Fewer Falls, Better Balance: What Real World Data Shows About Adaptive DBS

Doris Wang, M.D., Ph.D., shares real-world results from long-term testing of her team's adaptive deep brain stimulation system, including reduced falls and patients who chose to stay on the adaptive setting long after the study ended.

By

Lana Pine

Published on July 3, 2026

3 min read

In the second part of our conversation with Doris Wang, M.D., Ph.D., neurosurgeon at the University of California, San Francisco, she explains what her team's adaptive deep brain stimulation, or aDBS, system is actually correcting and why early results from long-term patient testing are so encouraging.

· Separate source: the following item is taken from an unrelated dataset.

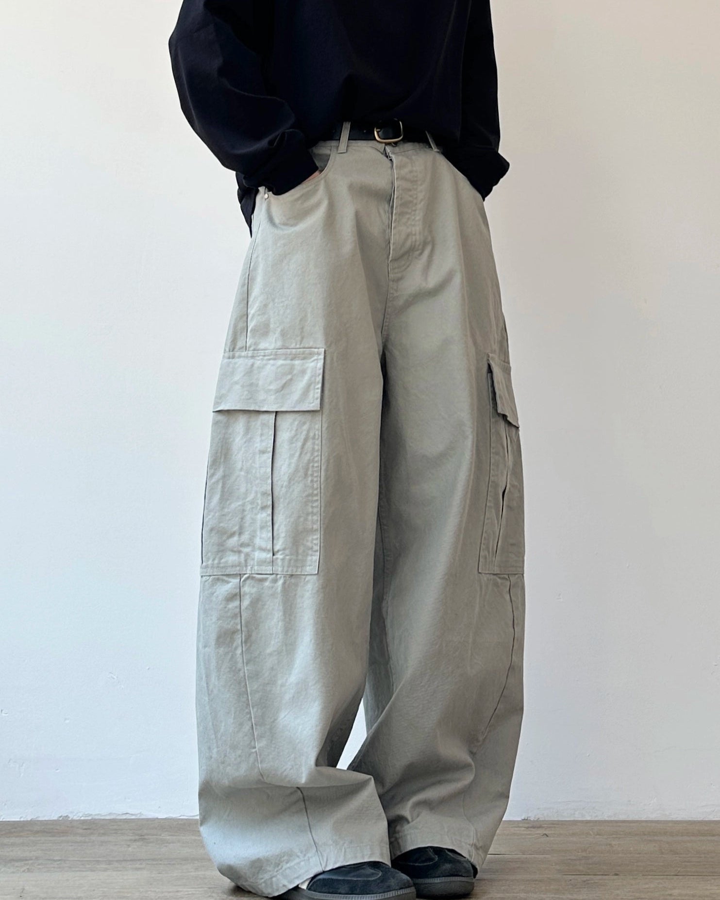 大きめフラップポケットを配したワイドシルエットのカーゴパンツです。

At the core of the technology is a concept called gait variability. In healthy walking, the length and timing of each step remain remarkably consistent from one stride to the next. In patients with Parkinson's disease, that consistency breaks down. Walking requires more conscious effort, and the timing and length of left and right steps often differ significantly from one another. By detecting these patterns and adjusting stimulation in real time, the adaptive system aims to restore symmetry and rebuild a more stable, cyclical walking pattern, helping patients maintain better balance as they shift their center of gravity with each step.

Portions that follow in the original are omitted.